A verbatim printing of the entries that follow is needed; pictures must not appear in it.

Records from a data collection:
----------------------------------------
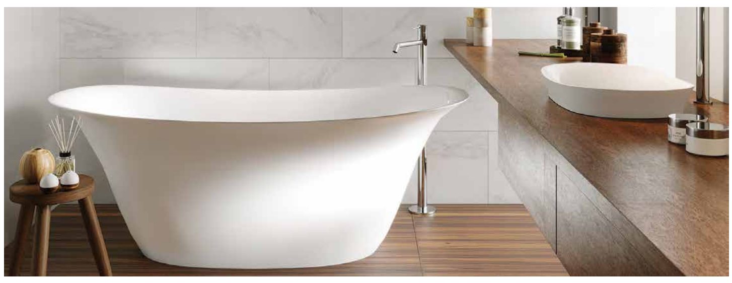
MTI Baths' Maricela tub
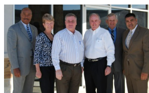
Representatives from The Sprint Companies
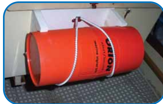
The finished mount installed below the companionway for quick access.

While the polymer lumber probably isn't cheaper than teak, I still like the clean design and the fact that I don't have to varnish and re-varnish the mount. Overall, this is a good project for a rainy weekend.
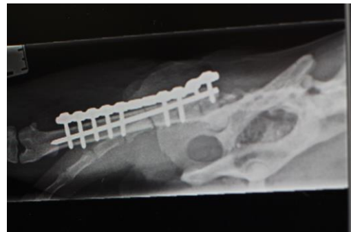
Radiograph post surgery
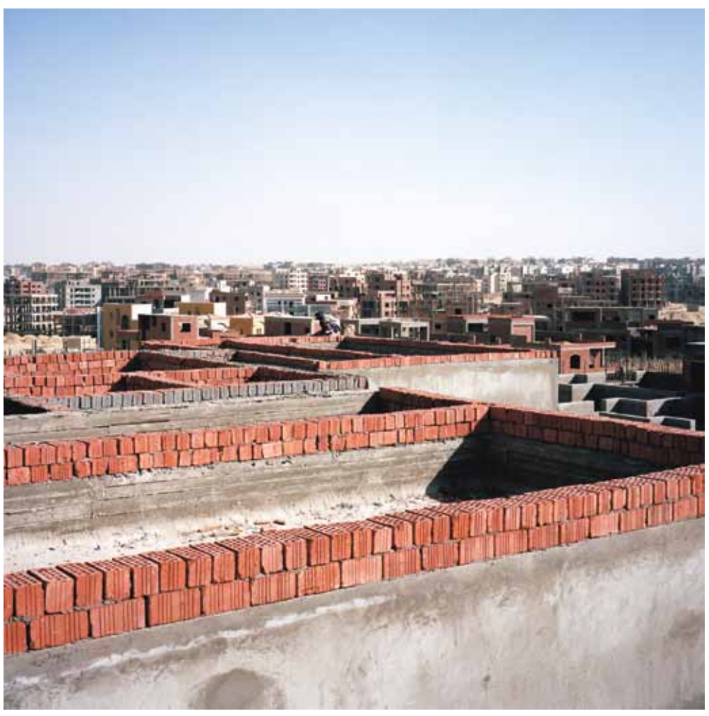
© Jason Larkin Untitled (#2), Cairo Divided, 2011
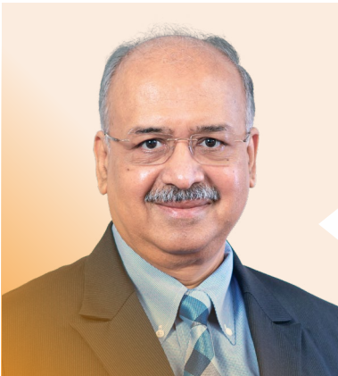
Dilip Shanghvi Managing Director
----------------------------------------
• [RESPONSE FOR THIS EXERCISE]
MTI Baths' Maricela tub
Representatives from The Sprint Companies
The finished mount installed below the companionway for quick access.

While the polymer lumber probably isn't cheaper than teak, I still like the clean design and the fact that I don't have to varnish and re-varnish the mount. Overall, this is a good project for a rainy weekend.
Radiograph post surgery
© Jason Larkin Untitled (#2), Cairo Divided, 2011
Dilip Shanghvi Managing Director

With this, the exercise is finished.